TASK DETAILS: Everything from the line containing "natural material known." to the last line of the material below must be retyped exactly, both ends included; skip the pictures.

GIVEN DATA:
╭──

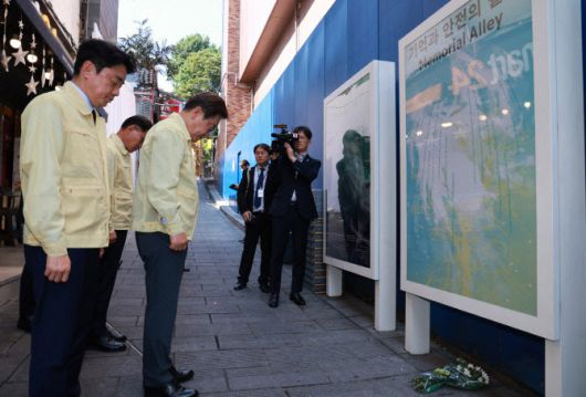 이재명 대통령이 지난달 12일 서울 용산구의 이태원 참사 현장 ‘10·29 기억과 안전의 길’을 방문해 묵념하고 있다.(사진=뉴시스) |
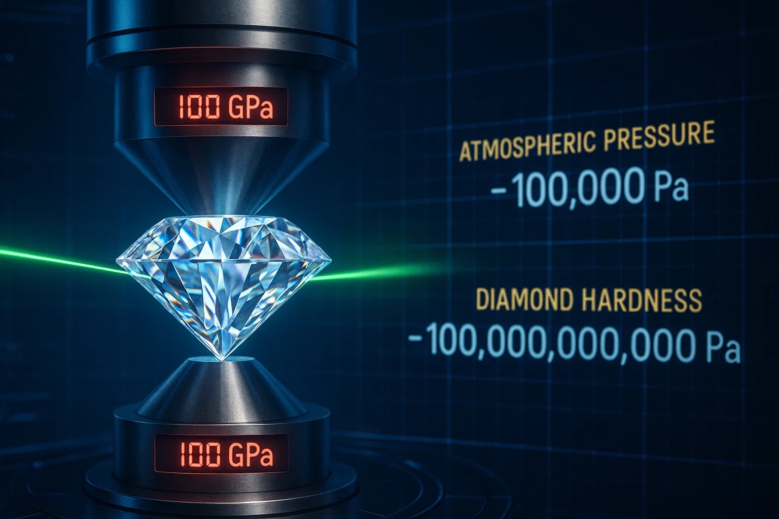 • Gigapascal fact: Diamonds can withstand indentation pressures of 60–100 GPa, making them the hardest natural material known.
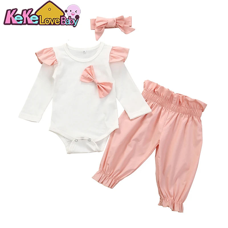 Одежда для маленьких девочек комплект одежды для новорожденных из 3 предметов, зимние детские топы с бантом, комбинезон, штаны повязка на го...
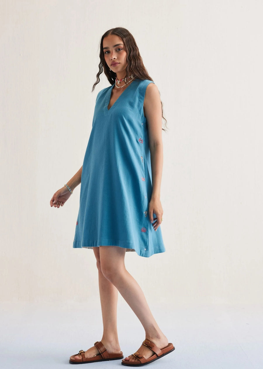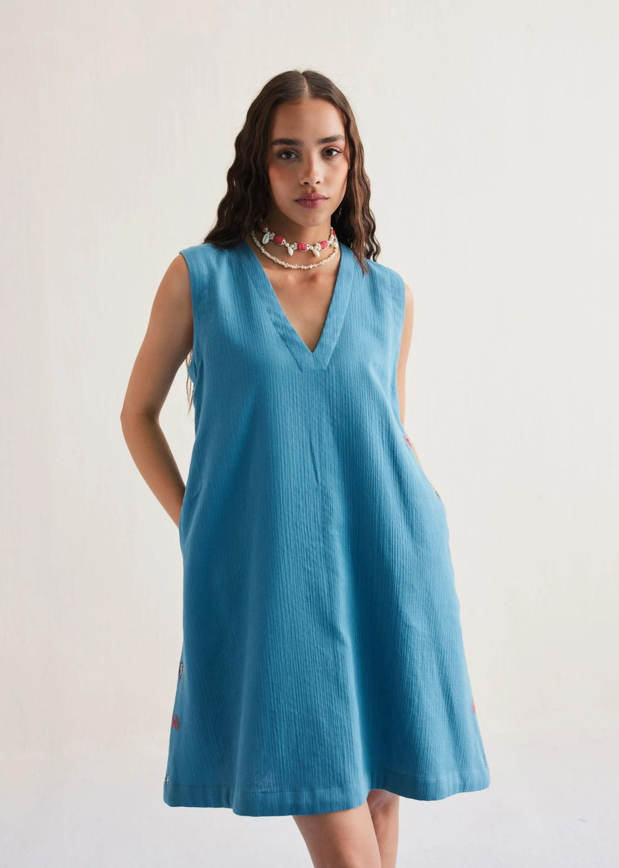 Relaxed fit, sleeveless, v-neck, mini dress crafted in azo-free dyed double gauze organic cotton fabric, hand embroidered with ocean life inspired motifs. Timeless looks like this dress are a must for conscious closets. Dress it up with jewelry and heels for when you go out, or keep it super simple for casual occasions.

╰──

RESPONSE TO THE EXERCISE:
 • Gigapascal fact: Diamonds can withstand indentation pressures of 60–100 GPa, making them the hardest natural material known.
 Одежда для маленьких девочек комплект одежды для новорожденных из 3 предметов, зимние детские топы с бантом, комбинезон, штаны повязка на го...
 Relaxed fit, sleeveless, v-neck, mini dress crafted in azo-free dyed double gauze organic cotton fabric, hand embroidered with ocean life inspired motifs. Timeless looks like this dress are a must for conscious closets. Dress it up with jewelry and heels for when you go out, or keep it super simple for casual occasions.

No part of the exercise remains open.